HISTORIA DE QUINTO

Historia 2018-06-26T16:52:23+00:00

Quinto debe su nombre y fundación a los romanos, y en concreto al quinto miliario de la vía romana Celsa-Caesaraugusta. Desde esa época Quinto ha sido uno de los pueblos más importantes de la comarca, siendo hoy su capital administrativa.

En la Edad Media convivieron en sus calles cristianos, judíos y musulmanes. Buena prueba de ello es su antigua Iglesia de la Asunción (declarada patrimonio de la Humanidad por la UNESCO en 2001) en el paraje denominado “Cerro de la Corona” y conocido popularmente como “el Piquete”. Construida en el s. XV en estilo mudéjar, se levanta majestuosa en la parte más alta del pueblo, dominando todo el caserío. Los trabajos de restauración de la iglesia han sacado a la luz decenas de enterramientos con cuerpos del siglo XVIII momificados, algunos de los cuales serán expuestos en el Museo de Momias ubicado en el mismo lugar.

Un agradable paseo por su sinuoso urbanismo de origen morisco transporta al caminante a otras épocas en las que la convivencia de varias culturas estaba a la orden del día.

Lo más singular son sus portales: san Roque, san Antón y san Miguel. De origen medieval, su misión era controlar el acceso a la localidad. En su parte alta disponen de una capilla dedicada a un santo al que los vecinos encomendaban la seguridad de la villa.

En su paseo no podemos dejar de visitar la “Casa del Cura”, que es uno de los mejores ejemplos de arquitectura civil renacentista de la comarca, construido en 1581 por encargo de Agustín Porroche, rector de la Iglesia de Quinto.

Ya en el exterior del casco urbano, merece la pena acercarse a las ermitas de Nuestra Señora de Bonastre y Nuestra Señora de Matamala desde las que podremos contemplar unas bellas vistas.

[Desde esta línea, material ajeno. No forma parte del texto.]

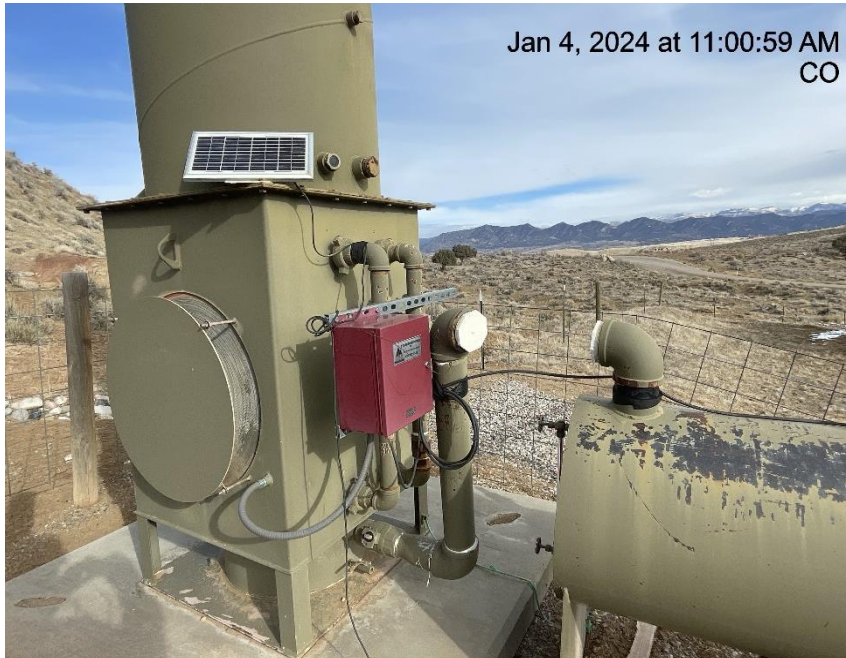
Photo # 1727 From inspection 708902717 conducted on 01/04/2024 Unused equipment – ECD disconnected

No debemos olvidar las tradiciones populares que inundan Quinto, y entre ellas su dance, elemento singular e identitario, recuperado en los años 80 gracias al trabajo desinteresado de algunos vecinos.

Al piadoso y devoto caminante le interesará conocer que en esta villa confluyen los dos ramales del Camino Jacobeo del Ebro. Aquí el camino se hace único hasta conectar en Logroño con el Camino Real Francés.